If you’re running for weight loss then those scales are your best friend or worst enemy. But they are great to track your progress. We advise you weigh yourself weekly and at the same time of day. This way you can see how your weight is really changing. This is also something to log down to help motivate you for future runs.
There are now activity trackers* that fit around the wrist. They do a great job of monitoring your heart rate, steps and activity. They have apps that enable you to see at a glance your progress over a period of time. They can even detect and measure your sleep, this is something that maybe increasing as you exercise more and more.
5. Set realistic goals
There’s nothing more demotivating than your goals never being achievable. It might be a good idea to set frequent goals that you can reach every month.

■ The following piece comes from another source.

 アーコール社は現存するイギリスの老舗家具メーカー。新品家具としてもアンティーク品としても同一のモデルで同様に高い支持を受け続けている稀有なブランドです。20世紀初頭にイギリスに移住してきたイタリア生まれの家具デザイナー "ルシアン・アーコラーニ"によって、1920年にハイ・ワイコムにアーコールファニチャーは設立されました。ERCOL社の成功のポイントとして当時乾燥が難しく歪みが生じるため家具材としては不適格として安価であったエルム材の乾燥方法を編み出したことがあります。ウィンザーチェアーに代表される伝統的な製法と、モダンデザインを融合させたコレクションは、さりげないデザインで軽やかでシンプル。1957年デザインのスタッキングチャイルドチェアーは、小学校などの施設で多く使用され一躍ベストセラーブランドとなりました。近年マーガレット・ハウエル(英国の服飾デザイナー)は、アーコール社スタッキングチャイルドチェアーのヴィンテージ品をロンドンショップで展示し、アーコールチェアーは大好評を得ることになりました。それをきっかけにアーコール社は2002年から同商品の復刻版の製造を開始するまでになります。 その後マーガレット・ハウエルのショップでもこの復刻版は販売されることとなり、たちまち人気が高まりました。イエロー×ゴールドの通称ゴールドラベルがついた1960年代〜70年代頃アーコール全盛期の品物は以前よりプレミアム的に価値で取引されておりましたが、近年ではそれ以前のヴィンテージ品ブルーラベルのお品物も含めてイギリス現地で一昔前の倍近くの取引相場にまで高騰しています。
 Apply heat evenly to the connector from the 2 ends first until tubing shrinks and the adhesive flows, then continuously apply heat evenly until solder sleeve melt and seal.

Like losing 10 pounds in one month and 8 the next month. This would be a better goal than 25 pounds in 3 months which maybe your total. Break it up into realistic chunks.
A good goal to set is a distance or time spent running. I personally do time spent running, I am logging my progress. Distance is equally as good for those experienced runner. You may have a weekly distance or time goal. This progression is a great motivator to get you running regularly and is something to aim for.
6. Plan your runs in advance
I like to plan week by week. If you’re training for a race it would be a really good idea to plan every run in advance up to the race day. This gives you a day by day goal that you want to complete. The race itself is a great motivator to get you doing your planned runs otherwise you may not do so well near the finishing line.
You can plan your runs weeks in advanced and this is needed for long runs like a marathon. We have our marathon plan for people who want to train to for the marathon and it lasts for 26 weeks. It is quite a commitment to complete but you need to put in the preparation to help achieve that final goal. Only planning your runs will help you achieve it.
7. Get some sleep
There’s nothing more demotivational than to be very tired and half asleep and have a run to do that day. Sleep is the best thing to keep your energy levels high and prepared for a workout. Sleep prepares us for the day and anything is difficult to do without enough sleep to keep us alert. This is the case during a run too.
If you’re near the end of a running plan and the mileage is increasing then sleep is vital. It helps our body repair our muscles to make them available for the next run. Sleep gives us concentration for the next day. You need to concentrate as you run especially on a treadmill. This keeps you safe and more aware.
8. Vary your routine
If you have no race to train for perhaps you’re getting into a rut with your running. Perhaps you’re doing the same distance or time on the treadmill every week and it’s getting boring. For motivation you need to vary what you’re doing. Maybe adding some speed work into your runs will spice up your training routine. This is especially so if it makes you run quicker.
The treadmill has an incline which is a great feature to use to make those runs that little bit harder. Keep working out at the same time of day but vary what you’re doing on those workouts. Treadmills often have workout programs built in that you can select from the console. One of these might be a challenge you can try.
Apart from releasing a good deal of those happy hormone endorphins swimming inside your brain after a good run. Make sure that you get something out of your runs. Give yourself something to achieve. Enjoy the music that goes with it or the book/ipad you read that rests on the console. Go further each week and get some sort of accomplishment.
Don’t run too hard or fast. Set that speed to a more comfortable pace. There’s nothing worse than finishing totally exhausted after you’ve finished every run. That’s not enjoyable. Do some easy runs so you can appreciate your body and breathing as you go. Then you’ll want to do it again and stay more motivated in the future.